Apocalypse Now is estimated to launch in 2020, with early access coming in 2019 to correspond with the 40th anniversary of the motion picture’s original release.
Liberty said his involvement goes as far back as 2010. But Coppola explored working with a partner in the game industry as far back as 2008. The game project gathered steam, with Markland and Liberty forming a studio in 2009 for the purpose. They made an early prototype using the Crytek CryEngine.
But after 2011, the game went into “stasis,” Liberty said. Coppola still wanted to the game to happen, and then Markland help revitalize in 2013. Liberty rejoined the project in 2015. They settled upon an indie approach, rather than working with a big publisher on a big budget game, for reasons of creative freedom.

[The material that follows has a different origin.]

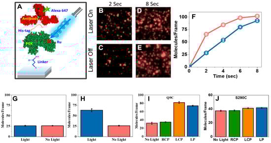 Modulating PGK–antibody interaction kinetics by photoexcitation. (A) Schematic of the experimental setup to study the effect of linearly and circularly polarized light on the interaction kinetics of a His-tagged ruthenium-photosensitizer modified PGK with an anti-His antibody. (B–E) Fluorescent images of individual complexes formed between His-tagged PGK molecules labeled with the photosensitizer at residue 9 and adsorbed on a gold surface and alexa-647-labeled anti-His antibodies in the presence and absence of illumination with linearly polarized light for 2 s and 8 s. (F) Kinetics of PGK–antibody interaction with (red) and without (blue) illumination, as measured by counting molecules in fluorescent images. (G) No effect of illumination on PGK–antibody interaction kinetics was observed in the absence of the photosensitizer. (H) The experiment shown in panels B-E was repeated with PGK adsorbed on glass, with similar results. (I) The effect of the polarization of the light on the photoinduced enhancement of PGK–antibody interaction kinetics. RCP—right circular polarization; LCP—left circular polarization; LP—linear polarization. (J) Only a minor illumination effect was observed when the photosensitizer was moved to residue 290. In (G–J), molecules were counted 2 s following the initiation of the reaction. At least nine regions were counted in each sample.

“It has been a very long labor of love,” Liberty said. “Rob Austin and Monty were major Apocalypse Now fans. I’m a Coppola fan and appreciated it. It was one of my top 10 movies of all time. I liken it to a dark Wizard of Oz.”
Liberty believes that an RPG fits because the game will follow Willard’s odyssey through a large geographic area in Vietnam and Cambodia. Over time, a character can progress. But as envisioned, Liberty doesn’t see a lot of fast-paced first-person shooter action. He wants the game to be respectful of the message that Coppola had, and that’s where some of the horror theme comes in.
If there is action, Liberty said it will probably be more realistic, with high lethality. The game may be more slow-paced, like a Resident Evil game, where you go from scene to scene. In each scene, the player would have to make life-or-death choices and conserve resources, such as ammunition.
“The RPG seemed the best way to approach the adaptation,” Liberty said.
The game will follow the narrative of the film, but it will have areas, like in the jungle, with procedural animation where players can get off the narrative and explore. All of the film’s major set pieces will likely be reproduced, Liberty said, including the helicopter attack scene.
So far, the team hasn’t approached Martin Sheen, the actor who played Captain Willard in the film.
“I would love to have his involvement, but he does not come cheap,” Liberty said.
Right now, the studio is small and the company has a working prototype based on the Unreal Engine. The game will like have as realistic art style as possible, but that will depend on the ultimate budget.
Liberty said that “this is a game that I would not want to rush.” He added, “This property is the crown jewel. Francis believes we are at the point in the craft of game making and the development of the technology that we can do something that we can tackle this. I would rather take our time and iterate and involve the community.”
I want to make sure he does it right too, as I saw the film when it first came out and wrote part of my honors thesis in English about the film when I went to school at the University of California at Berkeley. I think there’s a lot of people like me out there who have studied the film and would love to see the video game done right.
But 40 years is a long time to wait for a video game. I said that Liberty should explain the film’s enigmatic ending to the gamers. He replied, “Your ending is likely going to be different. We want to give people tremendous freedom.”